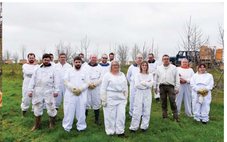
Quatorze agriculteurs-apiculteurs se lancent dans l'apiculture avec la coopérative Cavac.

Contact presse : Céline Bernardin - 06 13 37 67 75 - c.bernardin@cavac.fr
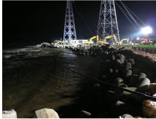
③7/21 19時30分 応急復旧工事完了
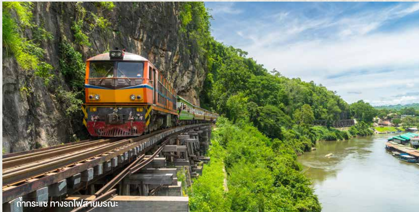
ท่ากระแซ ทางรถไฟสายมรณะ
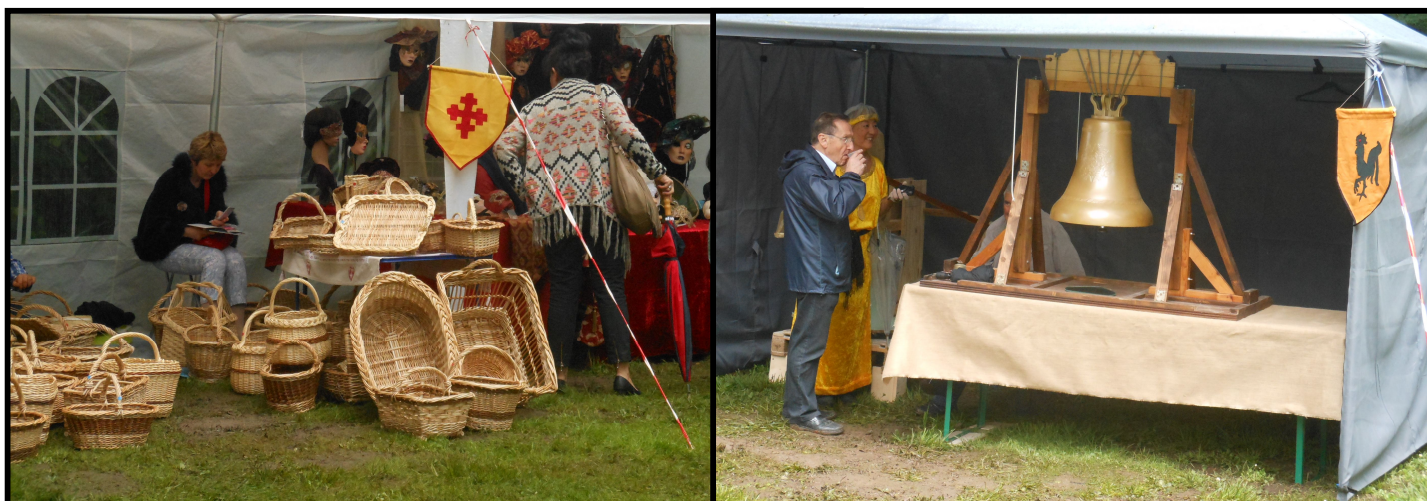
Fête Historique de Pays 19 juin 2016 domaine de Fortbois
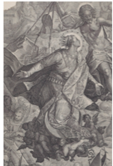
Slika 14. Raphael Sadeler prema Paolu Piazzzi, Vizija sv. Dominika , 1607., bakrorez, detalj
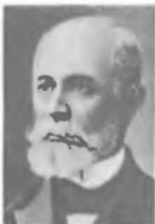
А. А. БЕККЕРЕЛЬ
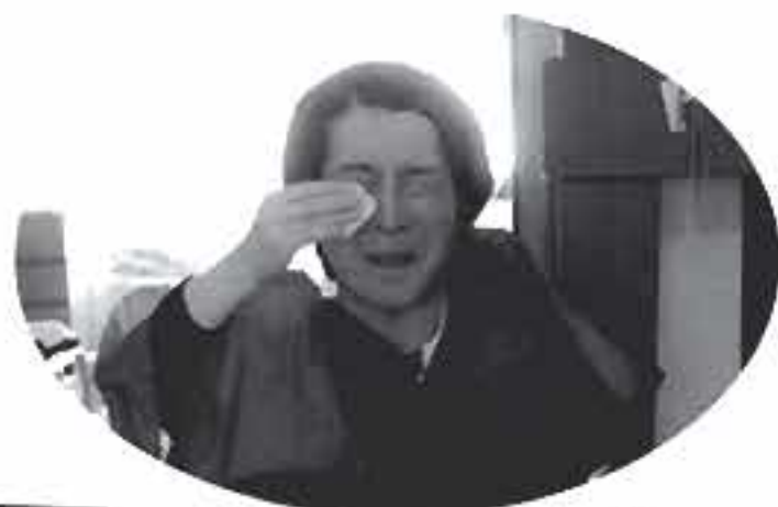
なかなかメイク上手ねえ～
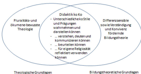
Didaktik konfessionell-kooperativer Lernprozesse
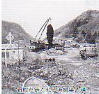
新設が予定されている漁網染め場
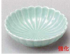
84-10-354 翡翠菊形丸小鉢 1,170円 11.5×3.3cm 08623353
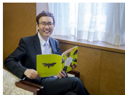
04. 福岡伸一（生物学者 / 作家）
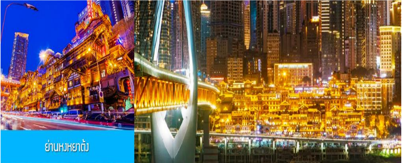
ย่านหงหยาดัง

เดินทางถึง สนามบินเจียงเป๋ย นครฉงชิ่ง ผ่านพิธีการตรวจคนเข้าเมืองและศุลกากร นำคณะเดินทาง โดยรถบัสส่วนตัวเมืองฉงชิ่ง..... นครฉงชิ่ง 重庆 เป็นหนึ่งในสี่มหานครที่มีฐานะเทียบเท่ามณฑล ตั้งอยู่ตอนบนของแม่น้ำแยงซีเกียง เป็นมหานครที่ใหญ่ที่สุดทางด้านทิศตะวันตกของจีน มีประชากรกว่า 32 ล้านคน นครฉงชิ่งยังมีสมญานามว่า เมืองภูเขา เมืองแม่น้ำ เมืองหมอก และเมืองสะพาน ฯลฯ
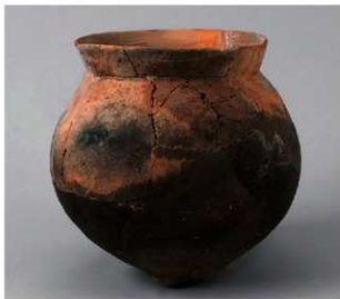
4 第6号方形周满墓 (第232图11)
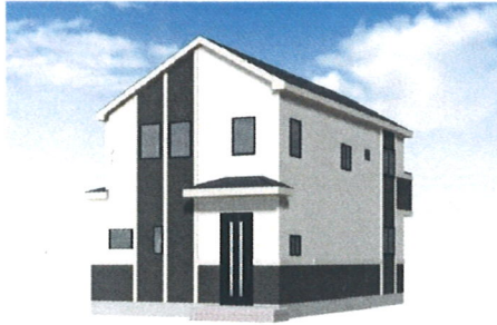
このパースは図面を基に書きおこされており、実際とは多少異なる場合がございます。
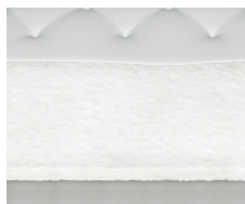
Imbottitura GelMemory (1 lato)
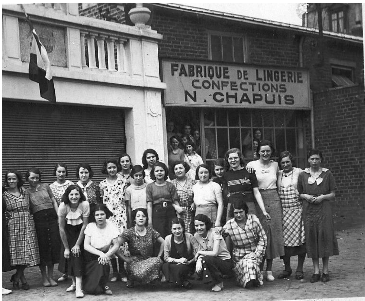
Vue de situation avec les ateliers de confection Chapuis à l'arrière plan. Photographie vers 1950.
------------------------------------------------------------
» Task instructions:
All of the records need repeating exactly, except for the pictures.

» Answer below:
Quatorze agriculteurs-apiculteurs se lancent dans l'apiculture avec la coopérative Cavac.

Contact presse : Céline Bernardin - 06 13 37 67 75 - c.bernardin@cavac.fr
③7/21 19時30分 応急復旧工事完了
ท่ากระแซ ทางรถไฟสายมรณะ
Fête Historique de Pays 19 juin 2016 domaine de Fortbois
Slika 14. Raphael Sadeler prema Paolu Piazzzi, Vizija sv. Dominika , 1607., bakrorez, detalj
А. А. БЕККЕРЕЛЬ
なかなかメイク上手ねえ～
Didaktik konfessionell-kooperativer Lernprozesse
新設が予定されている漁網染め場
84-10-354 翡翠菊形丸小鉢 1,170円 11.5×3.3cm 08623353
04. 福岡伸一（生物学者 / 作家）
ย่านหงหยาดัง

เดินทางถึง สนามบินเจียงเป๋ย นครฉงชิ่ง ผ่านพิธีการตรวจคนเข้าเมืองและศุลกากร นำคณะเดินทาง โดยรถบัสส่วนตัวเมืองฉงชิ่ง..... นครฉงชิ่ง 重庆 เป็นหนึ่งในสี่มหานครที่มีฐานะเทียบเท่ามณฑล ตั้งอยู่ตอนบนของแม่น้ำแยงซีเกียง เป็นมหานครที่ใหญ่ที่สุดทางด้านทิศตะวันตกของจีน มีประชากรกว่า 32 ล้านคน นครฉงชิ่งยังมีสมญานามว่า เมืองภูเขา เมืองแม่น้ำ เมืองหมอก และเมืองสะพาน ฯลฯ
4 第6号方形周满墓 (第232图11)
このパースは図面を基に書きおこされており、実際とは多少異なる場合がございます。
Imbottitura GelMemory (1 lato)
Vue de situation avec les ateliers de confection Chapuis à l'arrière plan. Photographie vers 1950.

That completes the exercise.